In the south of the West Bank is an ancient village called Susiya where the people were driven out decades ago so they moved to their nearby agricultural lands. They have not been allowed to build on their privately owned land and now in the last two weeks a judge (who is a religious settler) has ruled that the state may remove their buildings even while they await a hearing in court.

The trip from Jenin in the north of the West Bank to Hebron in the south should take one and a half hours. With all the checkpoints it takes many hours and it feels that they are far apart. Hass talked of how she as an Israeli can travel from Ramallah to East Jerusalem in 30 minutes but Palestinians are not permitted to go there. “For Palestinians Jerusalem is as far as the moon” says Hass. The Palestinians reply “Yes, but at least we can see the moon; we cannot see Jerusalem”.

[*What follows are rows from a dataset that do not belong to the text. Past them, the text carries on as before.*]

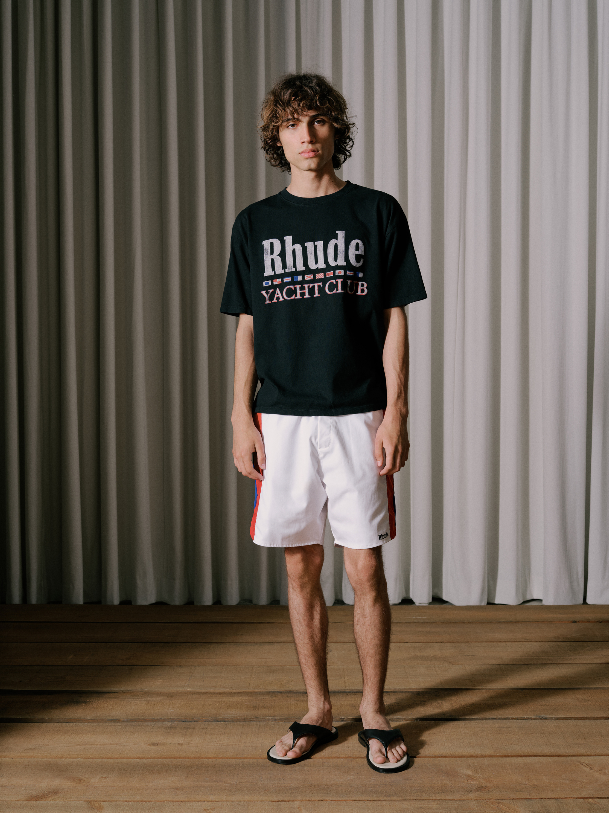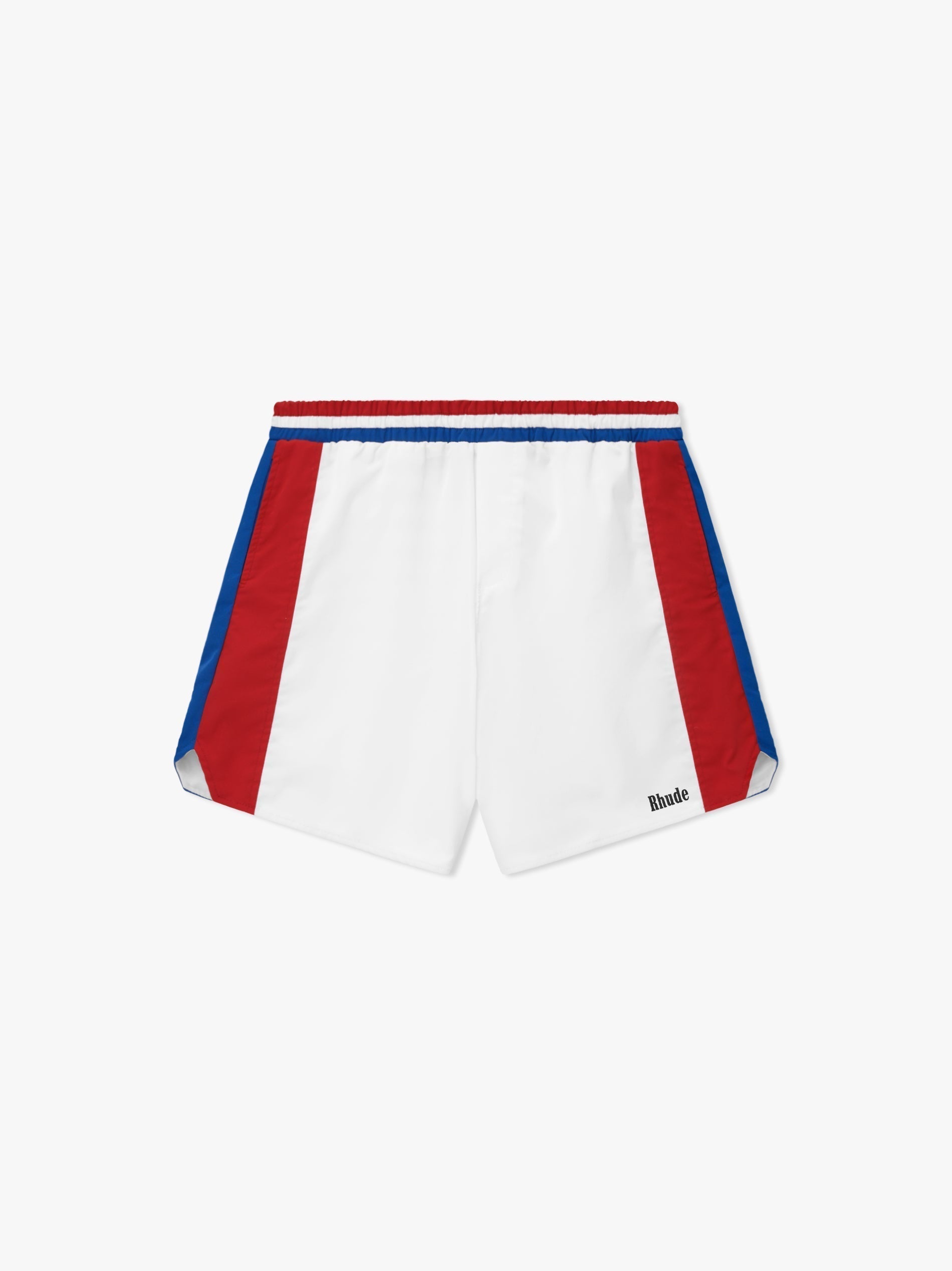Lightweight track short with signature Rhude logo displayed on the front.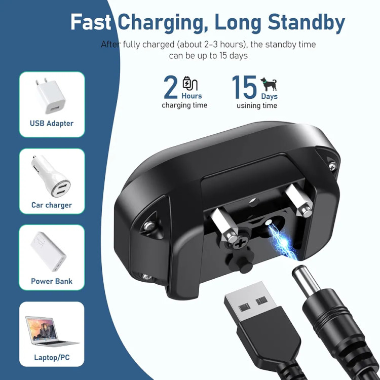 شارژ سریع و ضد آب IP67: قلاده پوست سگ HenBrook دارای یک باتری قابل شارژ USB داخلی است که می تواند به سرعت در عرض 2-3 ساعت به طور کامل شارژ شود و 15 روز استفاده را فراهم کند. طراحی ضد آب IP67 برای استفاده در فضای باز در هر شرایط آب و هوایی.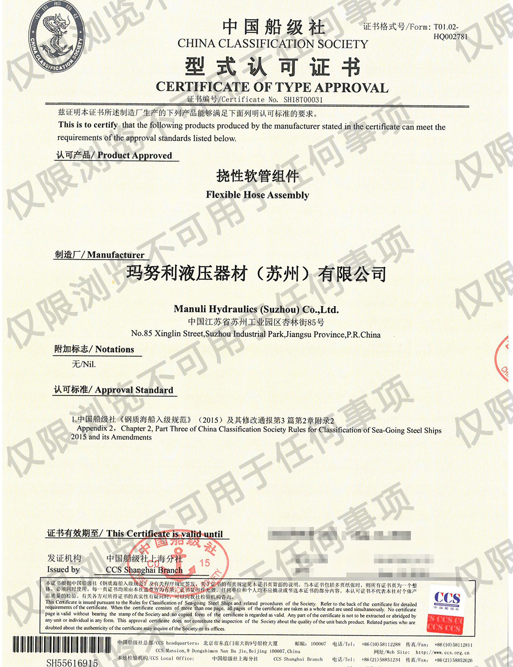 中國船級社型式認可證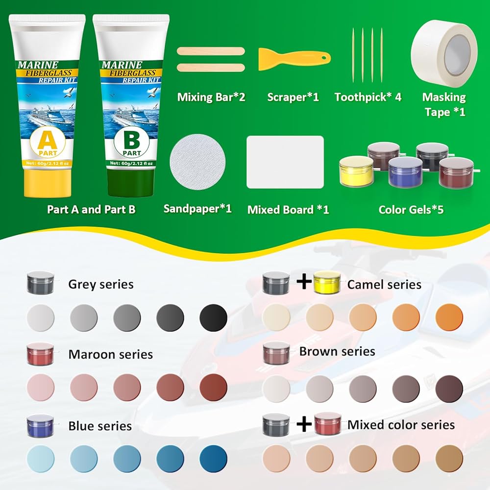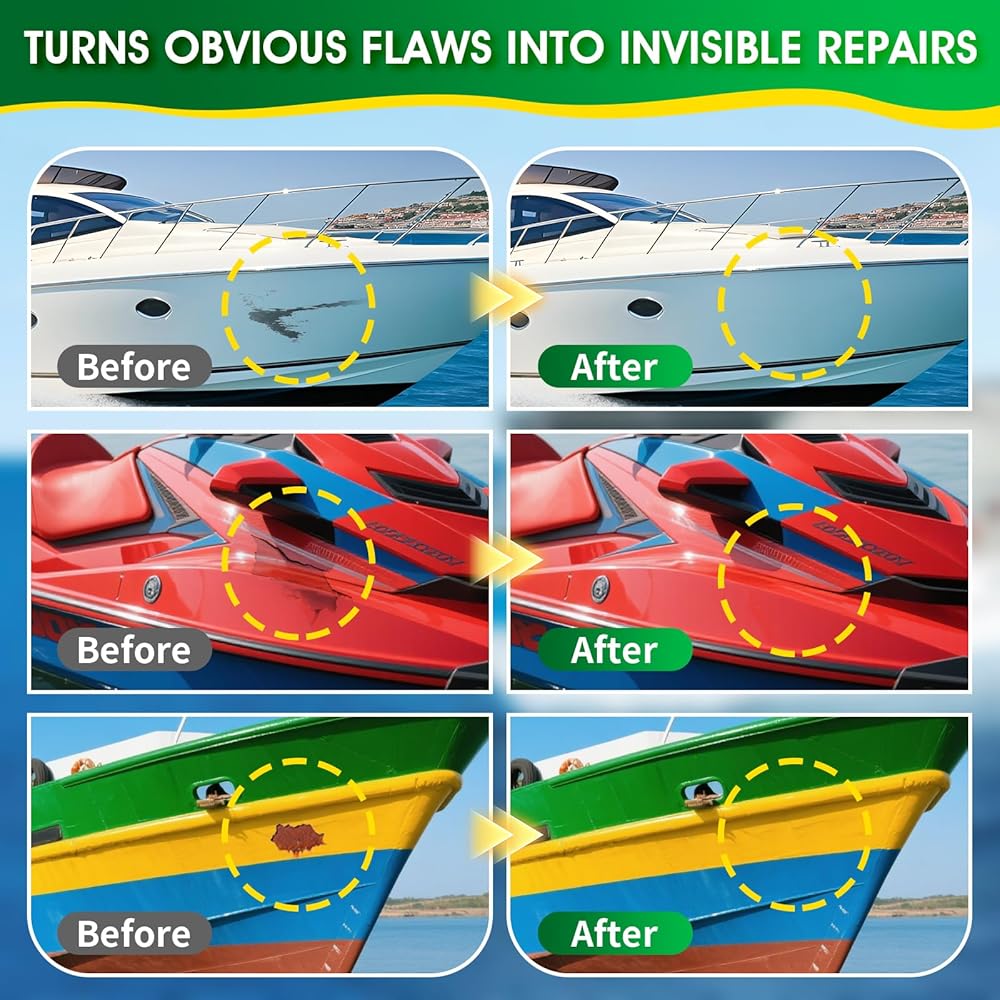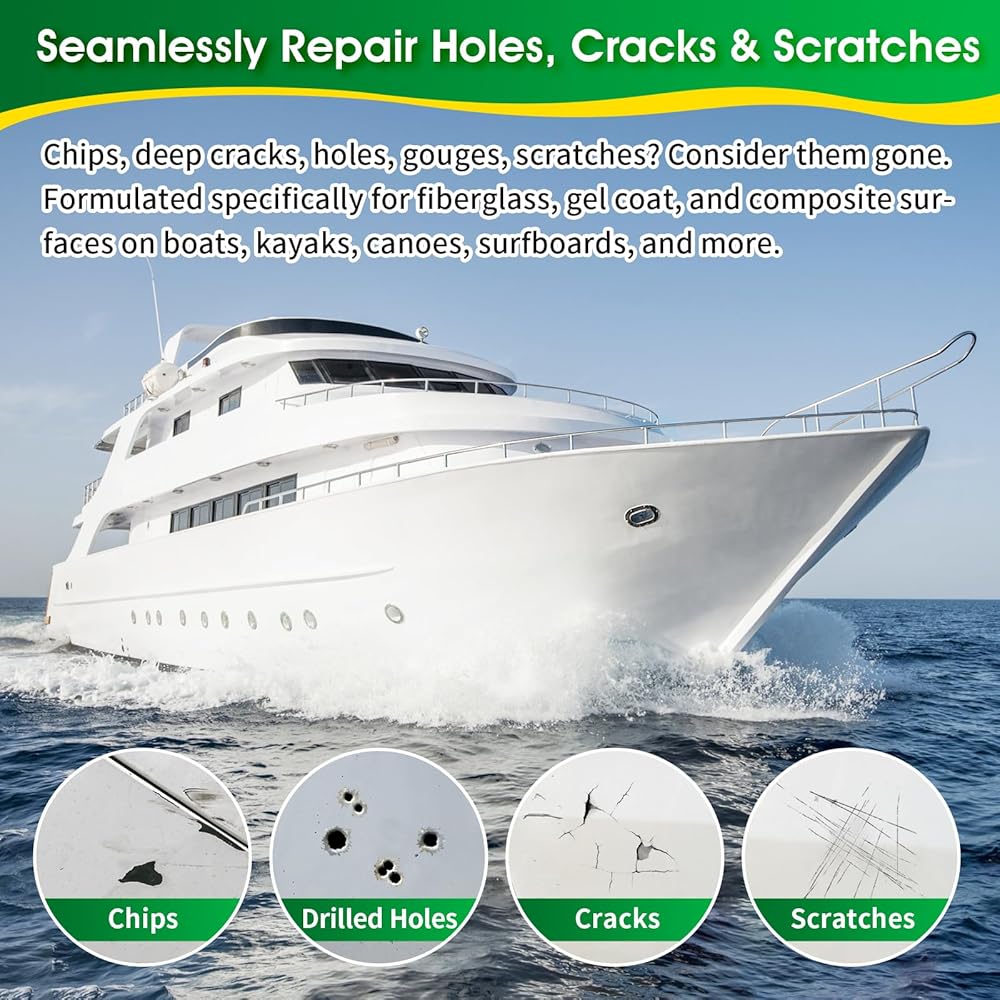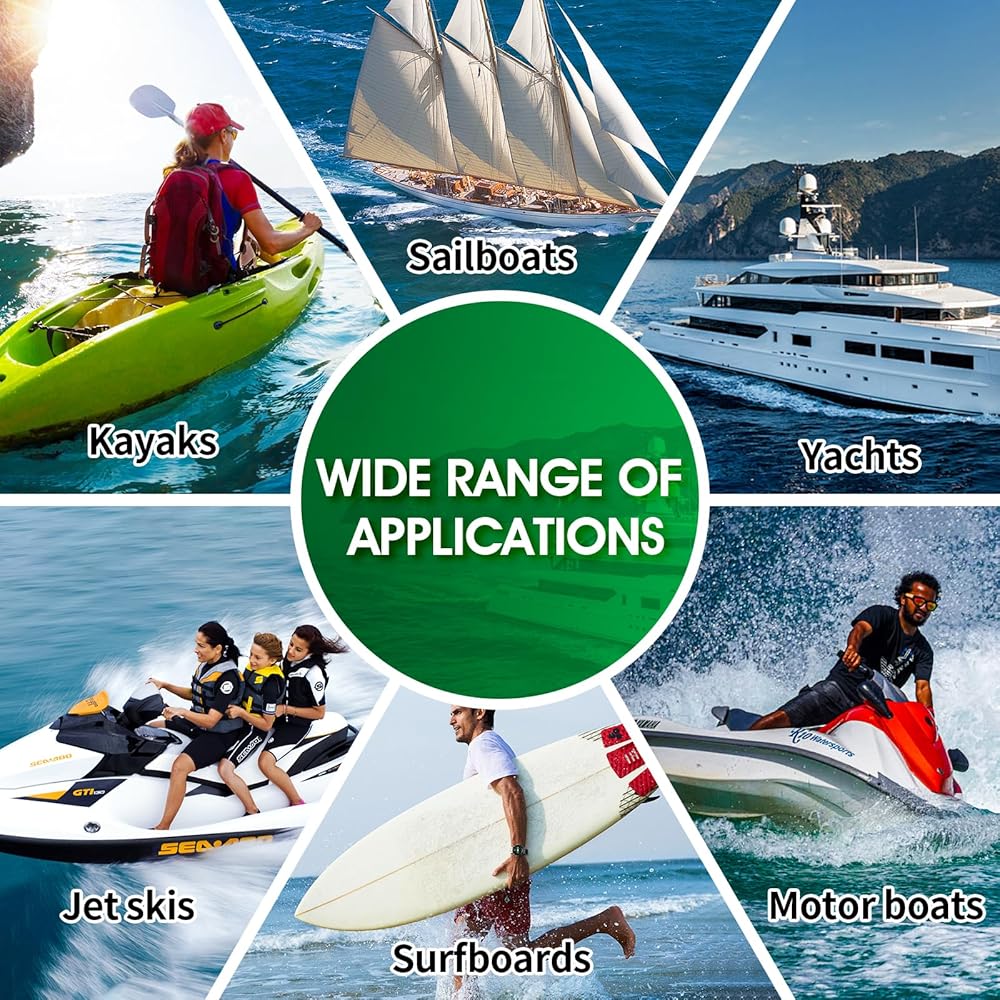 تطبيق متعدد السيناريوهات: مجموعة إصلاح القوارب المصنوعة من الألياف الزجاجية تعمل على إصلاح الرقائق والشقوق والثقوب والخدوش على الزلاجات النفاثة وقوارب الكاياك والقوارب الشراعية واليخوت وألواح ركوب الأمواج والأسطح والمزيد. الحفاظ على السفن في حالة جيدة.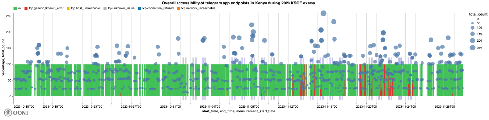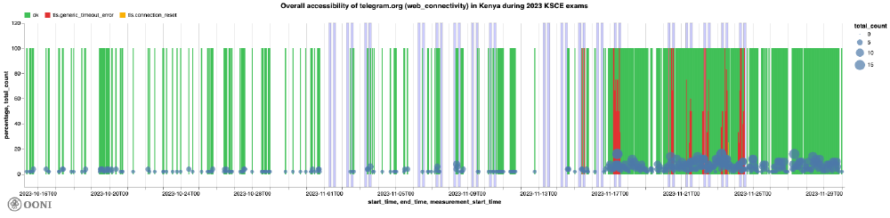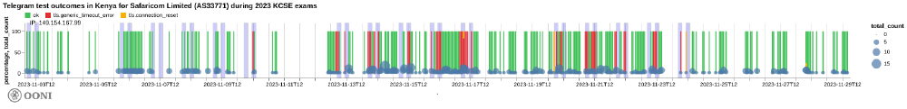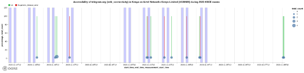 Unblocking of Telegram. OONI data shows that the blocking of Telegram was lifted by 25th November 2023, which correlates with the end of the 2023 KCSE exams.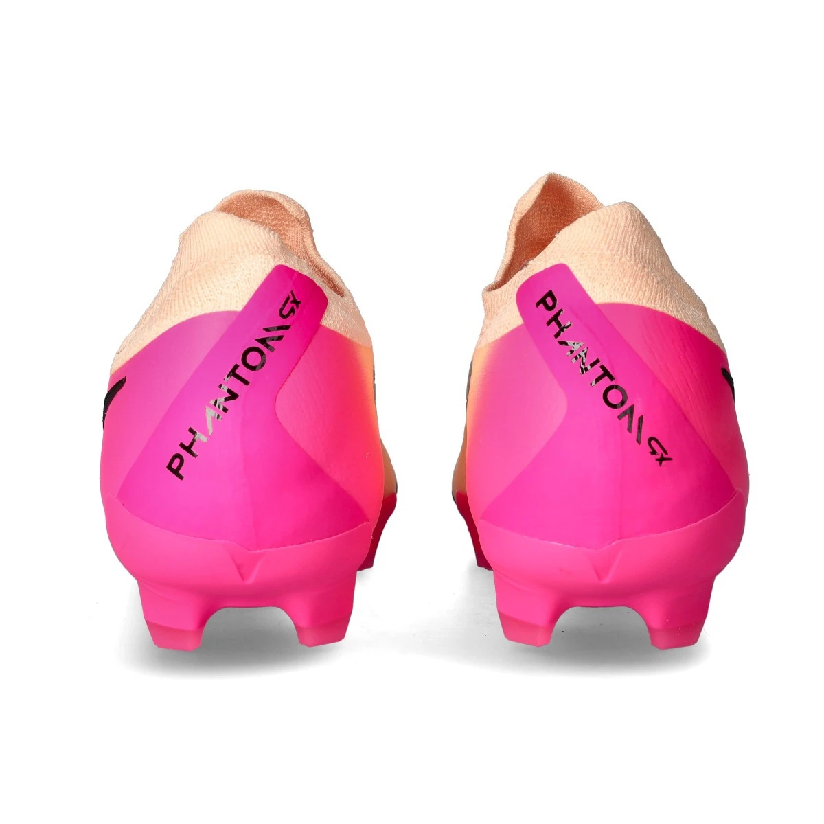 Chaussures de football Nike Phantom GX ll Pro FG pour adultes. Chaussure à chaussettes, à utiliser sur des terrains en gazon naturel secs ou humides. Chaussures haut de gamme pour les joueurs de contrôle et de précision en couleur Crimson Tint-Black-Pink Blast.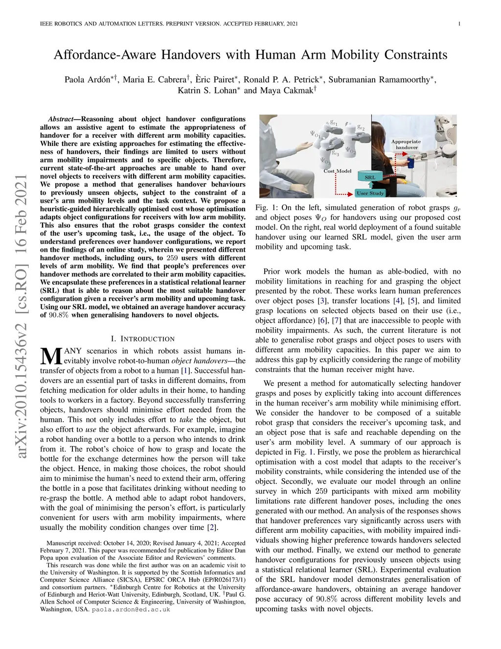 Reasoning about object handover configurations allows an assistive agent to estimate the appropriateness of handover for a receiver with different arm mobility capacities. While there are existing approaches for estimating the effectiveness of handovers, their findings are limited to users without arm mobility impairments and to specific objects. Therefore, current state-of-the-art approaches are unable to hand over novel objects to receivers with different arm mobility capacities. We propose a method that generalises handover behaviours to previously unseen objects, subject to the constraint of a user's arm mobility levels and the task context. We propose a heuristic-guided hierarchically optimised cost whose optimisation adapts object configurations for receivers with low arm mobility. This also ensures that the robot grasps consider the context of the user's upcoming task, i.e., the usage of the object. To understand preferences over handover configurations, we report on the findings of an online study, wherein we presented different handover methods, including ours, to users with different levels of arm mobility. We find that people's preferences over handover methods are correlated to their arm mobility capacities. We encapsulate these preferences in a statistical relational model (SRL) that is able to reason about the most suitable handover configuration given a receiver's arm mobility and upcoming task. Using our SRL model, we obtained an average handover accuracy of when generalising handovers to novel objects.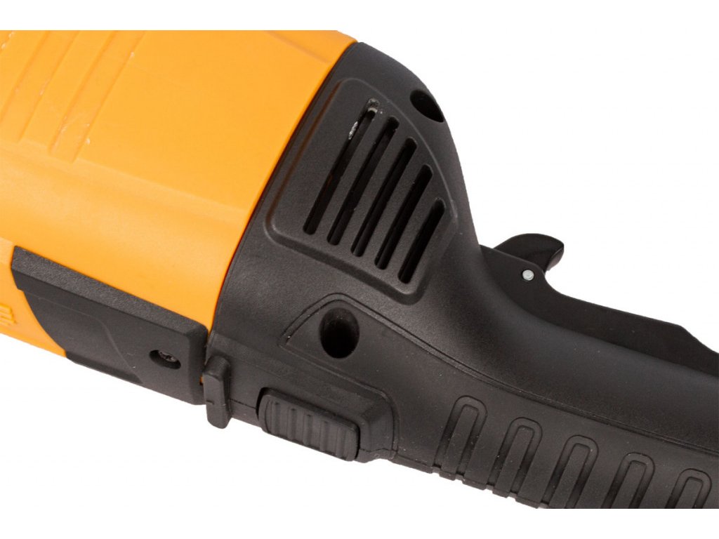 - Prodloužené tělo brusky o polohovatelnou rukojeť s dlouhým vypínačem pro pohodlnou práci.

There is anger and despair.

She believes Israel lost a marvellous opportunity to be accepted in the region and to lose its colonialist characteristics.

Historically European Jews in the diaspora had options other than Zionism. They joined socialist, communist and anarchist groups to oppose anti-Semitism. Nazism changed all that and they became Zionists and colonialists. In the 1990s she maintains they could have proven they were not just colonialists.

Bantustanisation is an Israeli sort of compromise. Israel cannot expel millions of Palestinians so they hold them in enclaves, with Gaza being the biggest enclave.

There is a young Palestinian generation that only knows Israelis as settlers and soldiers. These days she frequently hears the youth – she lives among them on the West Bank – say that every Israeli Jew is a settler and that the solution is all the Jews should leave.

Many Israeli dissidents do leave, but most cannot. “At a certain moment settlers become natives. We have also become natives”.

Palestinians have not been decimated; almost half the population is Palestinian, and in 2020 they will be more than half. Jews are a minority in the region. Israel should have been more attentive says Hass. She thinks Israel’s policies are suicidal. Palestinians ask “don’t Israeli’s think about their grandchildren”. This shows a very compassionate side, that they accept an arrangement of a life together. Israelis have rejected it in a greedy seizure to hold on to the privileges of a hegemonic people, says Hass.

Israeli dissidents who don’t want to leave are left to use their privileges to fight the regime of privilege. There are several Israeli groups doing work, which she outlined. They face off settler terror and fight legal and land causes.

Settlers are the messengers and the representatives of the state. The state allows the settlers to terrorise the Palestinians. The state doesn’t want to stop them.

There is not solidarity between the Israeli working class and the Palestinian. The main trade union in Israel is very negative. As a bulk all Israelis benefit from the occupation and this is why the working classes support the system. The withering of the welfare state was also instrumental. The settlements that have succeeded the most moved for economic reasons, not ideological.

As for the new government, it is really bad news; the Jewish Home party is the most racist of them all and now it has the Ministry of Education, Justice and Civil Administration (the military office in West Bank and Gaza).

For the future she believes “The fight has to continue, the contradictions in Israeli society maybe can deepen the cracks, but it seems more difficult than before.”